Wieczorem 21.09. w Białymstoku odbyło się spotkanie z Markiem Strzałkowskim, terapeutą i organizatorem kursów runicznych. W przytulnej atmosferze Yoga Studio Marek omówił historię powstania swojej muzyki runicznej i zaprezentował wybrane utwory. W końcu opowiedział o swojej nowo wydanej książce: „Chcąc poznać i zrozumieć runy… Runy w życiu i terapii”.
Jak na początku wydawał się bardem wyśpiewującym runy, i tak opowiadając stał się bardem jak za dawnych czasów, brakowało jedynie gwieździstego nieba i ogniska, którego substytutem stała się mała lampka stojąca na stole :).
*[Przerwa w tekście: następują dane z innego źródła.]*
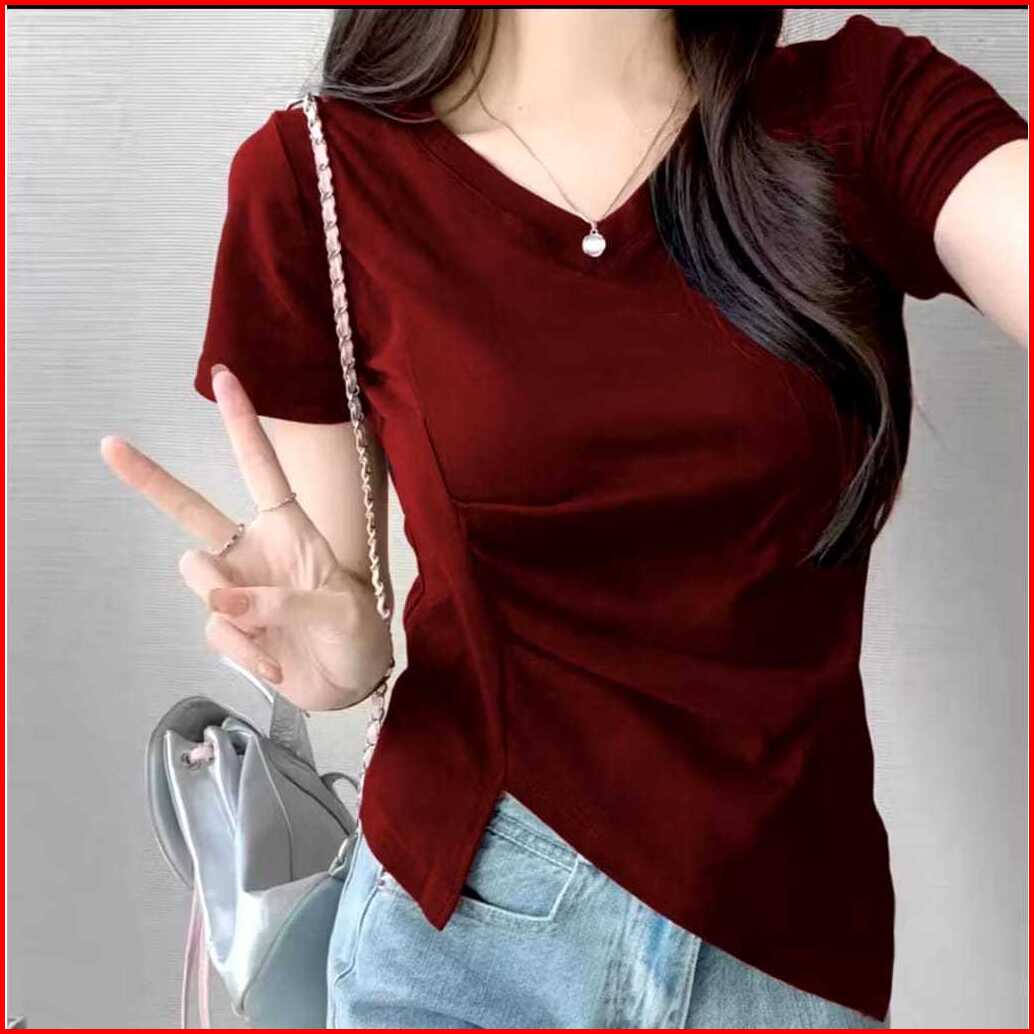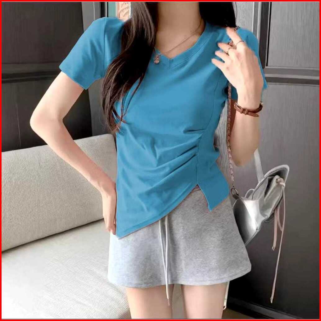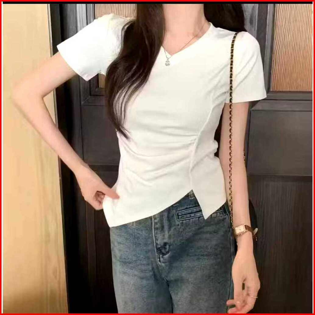 Fd Fashion Kaos V-neck Lengan Pendek Lipatan Slit Asimetris Samping Kaos Atasan Wanita Korean Kekinian 6065

Omówił, czym jego książka różni się od tytułów obecnie dostępnych i o tym, jakie tematy porusza. Opowiedział też historie związane z powstaniem run, a jak ktoś ciekawie opowiada, wiedza sama wchodzi do głowy… Marek poprowadził również medytację obfitości z runą FEHU, przy muzyce poświęconej medytacji z tą właśnie runą. Energia runy FEHU pojawiła się w moim świecie, i niestety, czas już było zakończyć medytację :( Na pociechę informacja, że medytacje z poszczególnymi runami opisanymi w książce pojawią się niedługo na płytach, z muzycznym podkładem. Na koniec każdy z uczestników spotkania otrzymał od Marka prezent – płytę z jego singlem „Hagalaz” :) I było trochę ciekawostek, jak np. wykorzystywanie run przez Hitlera w trakcie II wojny światowej… I rozpoznawanie swojej runy urodzeniowej…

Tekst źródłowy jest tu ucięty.